Records provided →
_ _ _

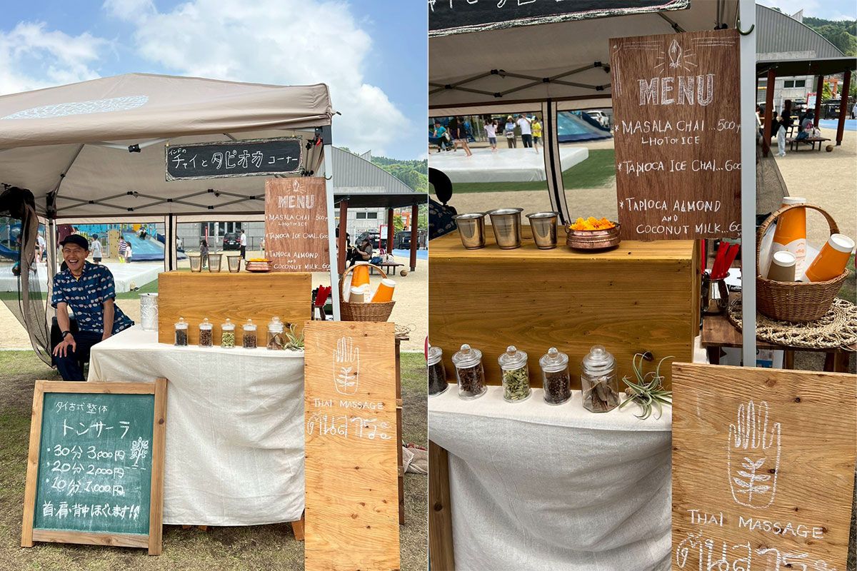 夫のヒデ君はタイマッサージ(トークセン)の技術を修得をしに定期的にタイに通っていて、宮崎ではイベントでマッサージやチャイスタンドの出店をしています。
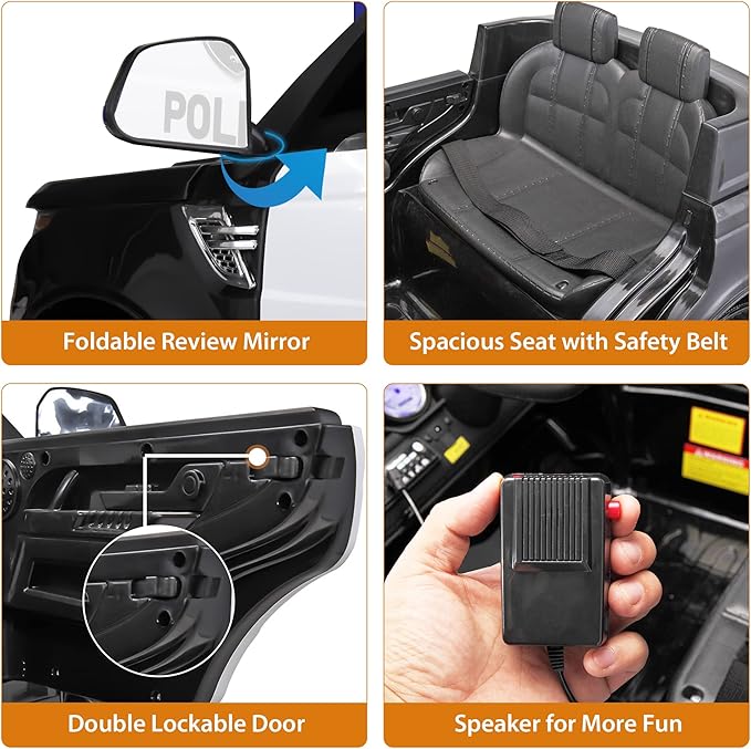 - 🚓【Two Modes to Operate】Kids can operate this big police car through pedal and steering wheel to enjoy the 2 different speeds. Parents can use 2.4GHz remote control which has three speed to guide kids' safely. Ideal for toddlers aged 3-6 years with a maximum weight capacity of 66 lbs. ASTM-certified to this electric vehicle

_ _ _

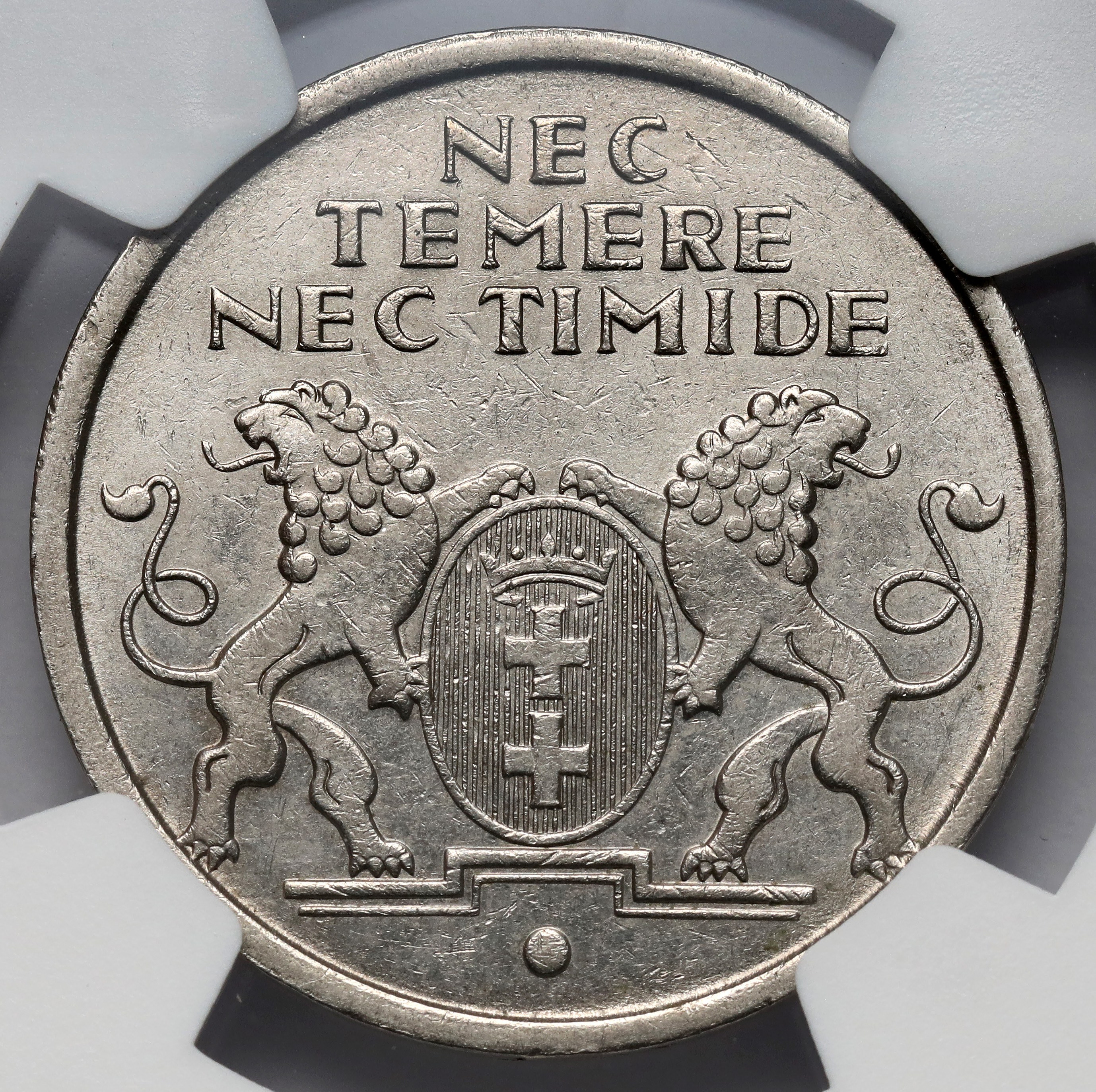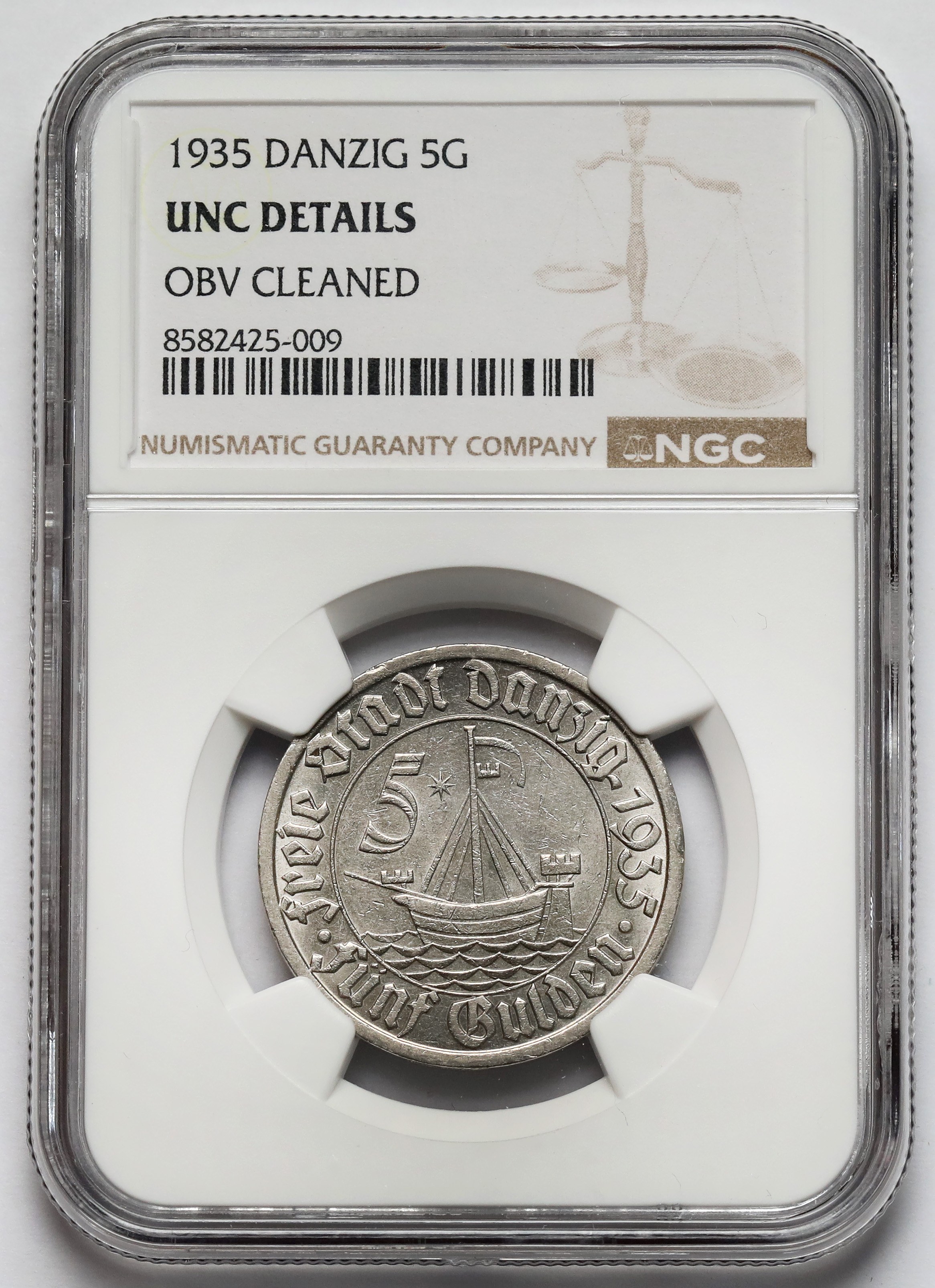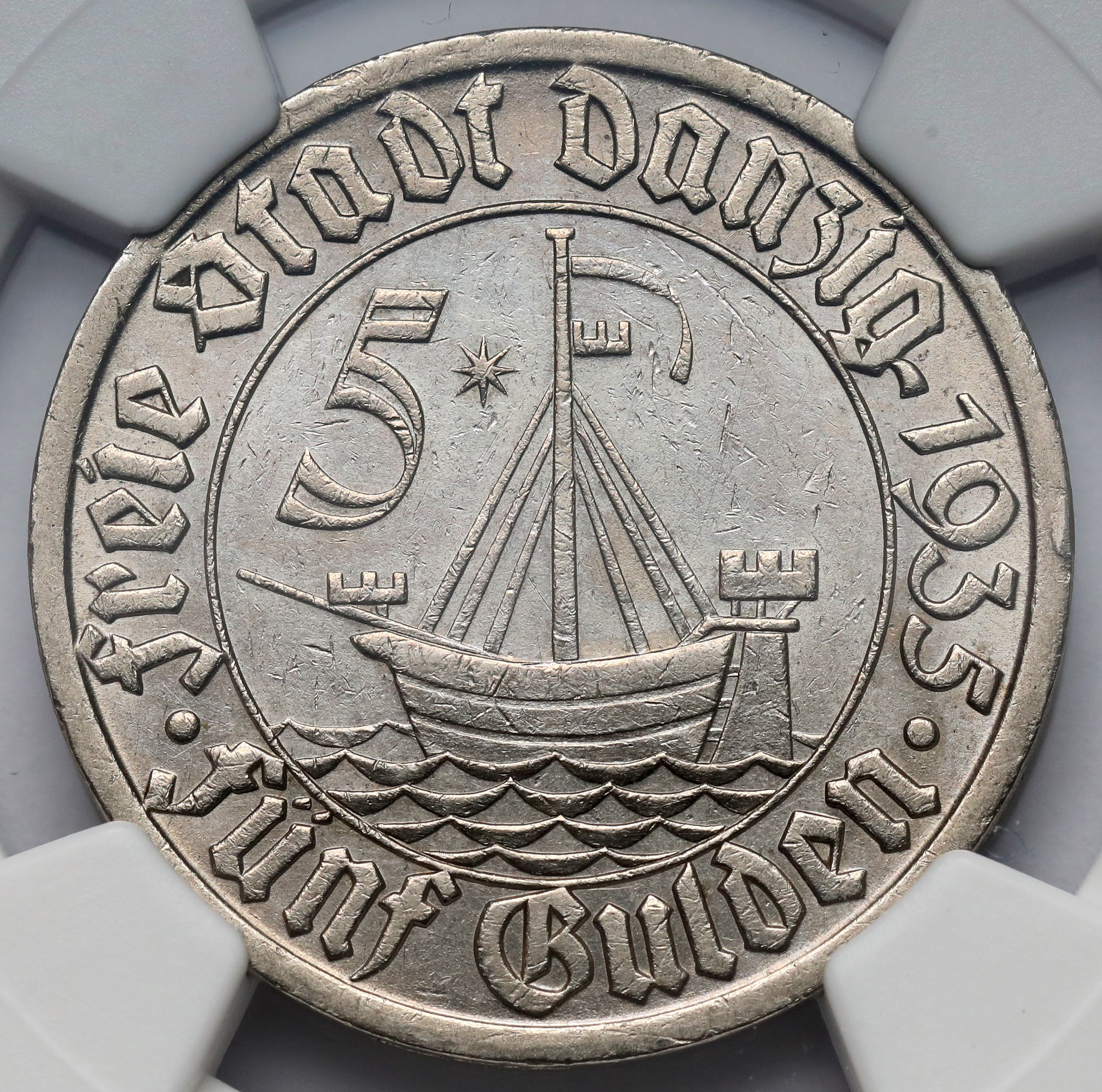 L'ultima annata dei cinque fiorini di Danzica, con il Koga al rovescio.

_ _ _

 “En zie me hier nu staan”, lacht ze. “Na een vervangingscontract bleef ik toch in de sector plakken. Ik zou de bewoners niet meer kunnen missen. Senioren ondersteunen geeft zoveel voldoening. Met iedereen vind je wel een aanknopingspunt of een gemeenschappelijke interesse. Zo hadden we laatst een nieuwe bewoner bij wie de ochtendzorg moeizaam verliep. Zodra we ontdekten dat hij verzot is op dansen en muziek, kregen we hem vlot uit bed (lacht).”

_ _ _

The problem →
Above are the records. Copy only the lines from the one with "夫のヒデ君はタイマッサージ(トークセン)" through the one with "- 🚓【Two Modes", exactly, with no pictures.

Answer box →
 夫のヒデ君はタイマッサージ(トークセン)の技術を修得をしに定期的にタイに通っていて、宮崎ではイベントでマッサージやチャイスタンドの出店をしています。
 - 🚓【Two Modes to Operate】Kids can operate this big police car through pedal and steering wheel to enjoy the 2 different speeds. Parents can use 2.4GHz remote control which has three speed to guide kids' safely. Ideal for toddlers aged 3-6 years with a maximum weight capacity of 66 lbs. ASTM-certified to this electric vehicle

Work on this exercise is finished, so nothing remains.